Institut für KI und Informatik in der Medizin, Klinikum rechts der Isar, Technical University of Munich, Munich, Germany.
Eur Radiol. 2025 Apr;35(4):1761-1771. doi: 10.1007/s00330-024-11047-1. Epub 2024 Sep 4.
To generate sagittal T1-weighted fast spin echo (T1w FSE) and short tau inversion recovery (STIR) images from sagittal T2-weighted (T2w) FSE and axial T1w gradient echo Dixon technique (T1w-Dixon) sequences.
This retrospective study used three existing datasets: "Study of Health in Pomerania" (SHIP, 3142 subjects, 1.5 Tesla), "German National Cohort" (NAKO, 2000 subjects, 3 Tesla), and an internal dataset (157 patients 1.5/3 Tesla). We generated synthetic sagittal T1w FSE and STIR images from sagittal T2w FSE and low-resolution axial T1w-Dixon sequences based on two successively applied 3D Pix2Pix deep learning models. "Peak signal-to-noise ratio" (PSNR) and "structural similarity index metric" (SSIM) were used to evaluate the generated image quality on an ablations test. A Turing test, where seven radiologists rated 240 images as either natively acquired or generated, was evaluated using misclassification rate and Fleiss kappa interrater agreement.
Including axial T1w-Dixon or T1w FSE images resulted in higher image quality in generated T1w FSE (PSNR = 26.942, SSIM = 0.965) and STIR (PSNR = 28.86, SSIM = 0.948) images compared to using only single T2w images as input (PSNR = 23.076/24.677 SSIM = 0.952/0.928). Radiologists had difficulty identifying generated images (misclassification rate: 0.39 ± 0.09 for T1w FSE, 0.42 ± 0.18 for STIR) and showed low interrater agreement on suspicious images (Fleiss kappa: 0.09 for T1w/STIR).
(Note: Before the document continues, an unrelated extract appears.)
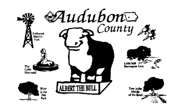 This emblem consists of the words "Audubon County", set in two lines with Zapf Chancery, the worth "County" smaller and offset to the fly, an outline map of Iowa with a square marking the county after the "n" of the county name and before the "A" a diamond square logo. Under this lettering a very large image of a bull flanked by captioned icons for local attractions. The bull, slightly stylized, is seen from front-left, with a clear 3D effect given by b/w coloring and angle, and it stands on a base block bearing the caption "Albert the bull", set in serif capitals. It is a representation of a local statue, erected by the beef industry: www.auduboncounty.com/docs/P1010146.jpg and www.auduboncounty.com/docs/Alber%20the%20Bull%209-08%20025.jpg at http://www.auduboncounty.com.
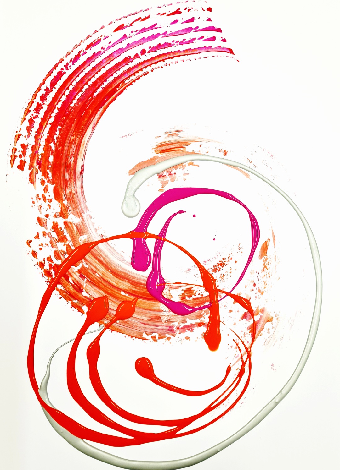 Im Hintergrund fließen Gedanken, Farben und Strukturen zusammen. Ein neuer Raum formt sich!

Axial T1w-Dixon and sagittal T2w FSE images contain sufficient information to generate sagittal T1w FSE and STIR images.
T1w fast spin echo and short tau inversion recovery can be retroactively added to existing datasets, saving MRI time and enabling retrospective analysis, such as evaluating bone marrow pathologies.
Sagittal T2-weighted images alone were insufficient for differentiating fat and water and to generate T1-weighted images. Axial T1w Dixon technique, together with a T2-weighted sequence, produced realistic sagittal T1-weighted images. Our approach can be used to retrospectively generate STIR and T1-weighted fast spin echo sequences.
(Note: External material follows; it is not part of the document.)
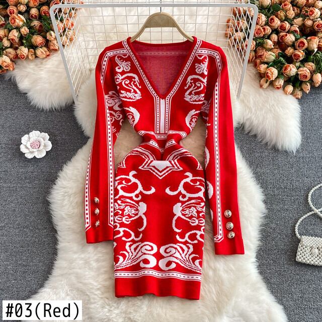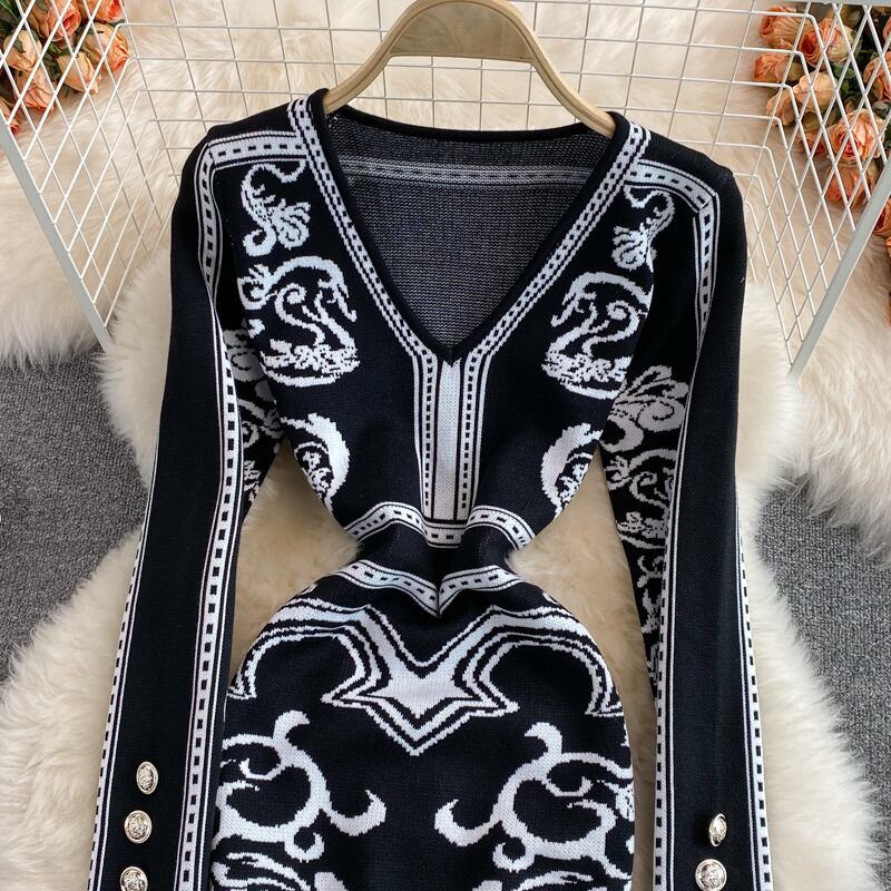 女性のレトロなプリントニットドレス長袖 V ネックスリムシースドレス 2022 秋冬ボディコン暖かいセータードレス ロング オータム 秋物 ウィンター 冬物 Vネック Abe2056196337

从矢状位T2加权(T2w)快速自旋回波序列和轴位T1加权梯度回波狄克逊技术(T1w-Dixon)序列生成矢状位T1加权快速自旋回波(T1w FSE)和短反转时间反转恢复(STIR)图像。
这项回顾性研究使用了三个现有数据集:“波美拉尼亚健康研究”(SHIP,3142名受试者,1.5特斯拉)、“德国国家队列”(NAKO,2000名受试者,3特斯拉)和一个内部数据集(157名患者,1.5/3特斯拉)。我们基于两个相继应用的3D Pix2Pix深度学习模型,从矢状位T2w FSE和低分辨率轴位T1w-Dixon序列生成合成矢状位T1w FSE和STIR图像。在消融测试中,使用“峰值信噪比”(PSNR)和“结构相似性指数度量”(SSIM)来评估生成的图像质量。进行了一项图灵测试,由七位放射科医生将240张图像评定为是原始采集的还是生成的,使用错误分类率和弗莱iss卡帕评分者间一致性进行评估。
与仅使用单个T2w图像作为输入相比(T1w FSE的PSNR = 23.076/24.677,SSIM = 0.952/0.928;STIR的PSNR = 23.076/24.677,SSIM = 0.952/0.928),纳入轴位T1w-Dixon或T1w FSE图像可使生成的T1w FSE(PSNR = 26.942,SSIM = 0.965)和STIR(PSNR = 28.86,SSIM = 0.948)图像具有更高的图像质量。放射科医生难以识别生成的图像(T1w FSE的错误分类率:0.39±0.09,STIR的错误分类率:0.42±0.18),并且在可疑图像上显示出较低的评分者间一致性(T1w/STIR的弗莱iss卡帕值:0.09)。
轴位T1w-Dixon和矢状位T2w FSE图像包含足够的信息来生成矢状位T1w FSE和STIR图像。
T1w快速自旋回波和短反转时间反转恢复可以追溯添加到现有数据集中,节省MRI时间并实现回顾性分析,例如评估骨髓病变。
单独的矢状位T2加权图像不足以区分脂肪和水以及生成T1加权图像。轴位T1w狄克逊技术与T2加权序列一起可生成逼真的矢状位T1加权图像。我们的方法可用于回顾性生成STIR和T1加权快速自旋回波序列。